• About this task:
Below, some lines carry pictures; leave those pictures out and retype exactly the lines from the one with "Handgefertigte Wachskerze im" through the one with "- Клемма проходная".

• Extracted material:
----------------

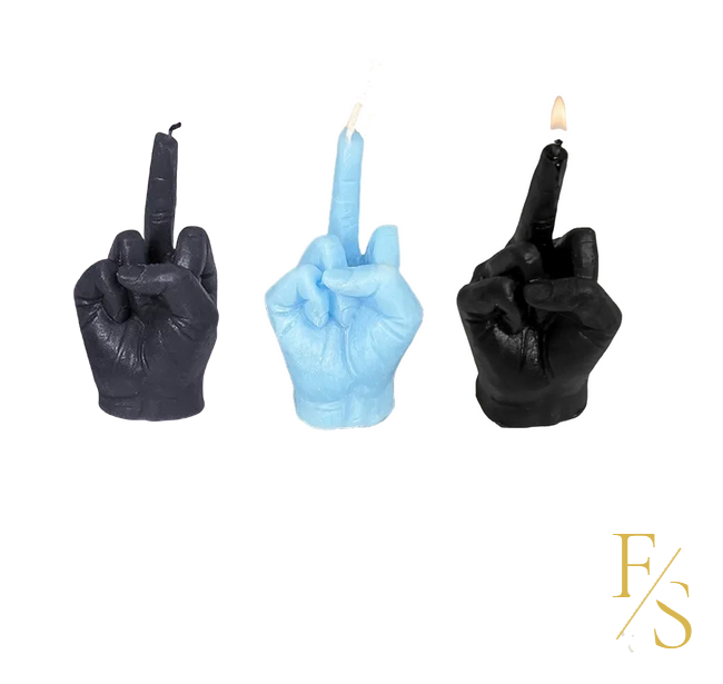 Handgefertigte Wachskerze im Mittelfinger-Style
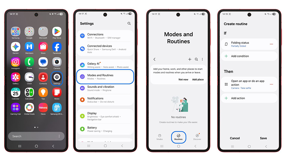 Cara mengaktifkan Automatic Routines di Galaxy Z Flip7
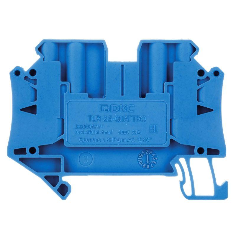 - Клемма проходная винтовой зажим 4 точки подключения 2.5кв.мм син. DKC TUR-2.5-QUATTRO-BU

----------------

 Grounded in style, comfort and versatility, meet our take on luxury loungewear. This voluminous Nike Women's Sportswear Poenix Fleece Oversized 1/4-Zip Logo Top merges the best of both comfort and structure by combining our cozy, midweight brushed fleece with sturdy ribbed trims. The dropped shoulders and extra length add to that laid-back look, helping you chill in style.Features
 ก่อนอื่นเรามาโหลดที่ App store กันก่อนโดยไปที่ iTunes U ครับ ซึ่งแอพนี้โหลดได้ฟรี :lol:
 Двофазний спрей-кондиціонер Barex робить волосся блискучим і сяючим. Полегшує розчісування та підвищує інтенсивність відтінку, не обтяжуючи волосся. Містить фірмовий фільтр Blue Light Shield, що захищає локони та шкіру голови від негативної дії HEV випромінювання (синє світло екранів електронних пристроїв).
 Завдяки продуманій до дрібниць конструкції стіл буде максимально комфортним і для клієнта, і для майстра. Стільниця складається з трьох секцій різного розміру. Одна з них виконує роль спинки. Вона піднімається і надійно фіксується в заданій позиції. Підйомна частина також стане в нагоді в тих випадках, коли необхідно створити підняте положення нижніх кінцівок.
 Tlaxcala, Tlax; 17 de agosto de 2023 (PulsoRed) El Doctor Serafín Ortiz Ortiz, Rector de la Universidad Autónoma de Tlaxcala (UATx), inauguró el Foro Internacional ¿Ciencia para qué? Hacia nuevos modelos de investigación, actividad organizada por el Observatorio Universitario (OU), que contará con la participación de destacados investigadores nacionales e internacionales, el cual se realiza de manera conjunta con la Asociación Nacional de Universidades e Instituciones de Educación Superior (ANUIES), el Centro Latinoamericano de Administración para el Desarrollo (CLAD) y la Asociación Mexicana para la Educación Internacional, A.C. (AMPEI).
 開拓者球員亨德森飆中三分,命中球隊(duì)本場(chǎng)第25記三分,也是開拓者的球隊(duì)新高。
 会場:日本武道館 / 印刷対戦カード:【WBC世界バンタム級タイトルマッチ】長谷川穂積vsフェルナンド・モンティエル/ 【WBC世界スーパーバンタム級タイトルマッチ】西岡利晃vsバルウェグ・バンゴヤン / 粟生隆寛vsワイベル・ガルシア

----------------

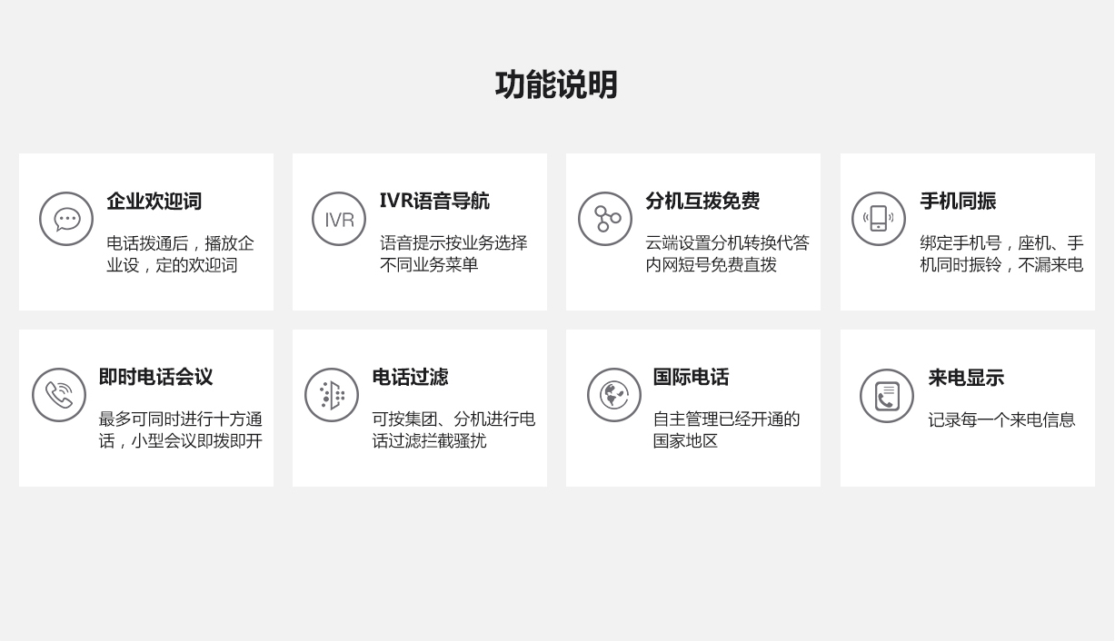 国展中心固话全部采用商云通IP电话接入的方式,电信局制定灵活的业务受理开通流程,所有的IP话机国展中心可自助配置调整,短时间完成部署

----------------

• Exercise solution:
 Handgefertigte Wachskerze im Mittelfinger-Style
 Cara mengaktifkan Automatic Routines di Galaxy Z Flip7
 - Клемма проходная винтовой зажим 4 точки подключения 2.5кв.мм син. DKC TUR-2.5-QUATTRO-BU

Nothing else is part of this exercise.